DESCRIPTION OF THE TASK -
Would you reproduce the whole listing exactly, dropping any pictures it holds?

DATA PROVIDED -
=== Begin Enclosure ===

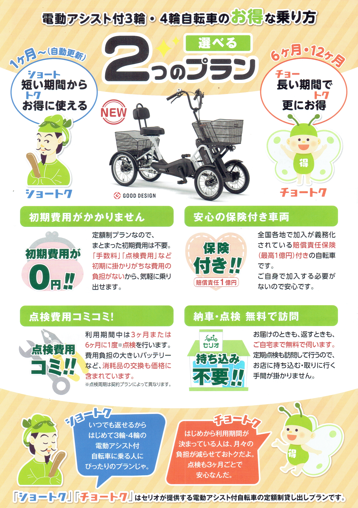 電動カート 中古やリースもあるようです。いかがですか 株式会社セリオからカタログを頂きました。
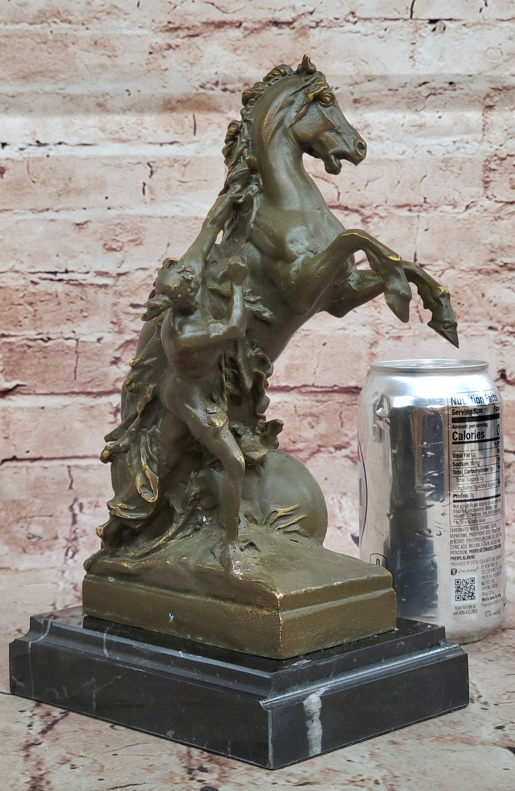 Handcrafted using the time-honored lost wax method, the sculpture features a rich brown patina that enhances the intricate detailing of both figures. From the defined anatomy of the horse to the expressive tension in the man’s stance, Vitaleh’s skillful artistry brings movement and drama to life in solid bronze.
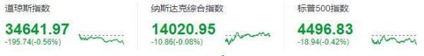 道琼斯指数收于34641.97点,下跌195.74点,跌幅0.56%;标准普尔500指数收于4496.83点,跌幅0.42%;纳斯达克指数收于14020.95点,跌幅0.08%。
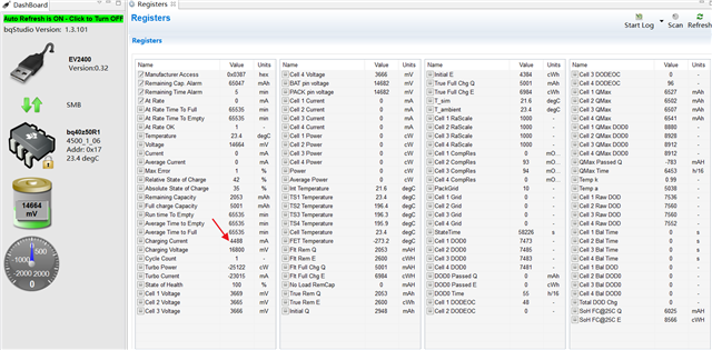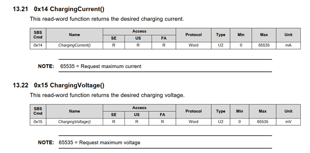 如图所示,我没有给电池充电,为什么读取的充电电流会是4A?这里的充电电流和充电电压是指允许的最大充电电流和充电电压吗?(英文水平有限,不太理解手册上的描述) 根据技术手册描述,这两个寄存器是只读的,那这两个参数是怎么来的呢?

=== End Enclosure ===

WRITTEN REPLY -
 電動カート 中古やリースもあるようです。いかがですか 株式会社セリオからカタログを頂きました。
 Handcrafted using the time-honored lost wax method, the sculpture features a rich brown patina that enhances the intricate detailing of both figures. From the defined anatomy of the horse to the expressive tension in the man’s stance, Vitaleh’s skillful artistry brings movement and drama to life in solid bronze.
 道琼斯指数收于34641.97点,下跌195.74点,跌幅0.56%;标准普尔500指数收于4496.83点,跌幅0.42%;纳斯达克指数收于14020.95点,跌幅0.08%。
 如图所示,我没有给电池充电,为什么读取的充电电流会是4A?这里的充电电流和充电电压是指允许的最大充电电流和充电电压吗?(英文水平有限,不太理解手册上的描述) 根据技术手册描述,这两个寄存器是只读的,那这两个参数是怎么来的呢?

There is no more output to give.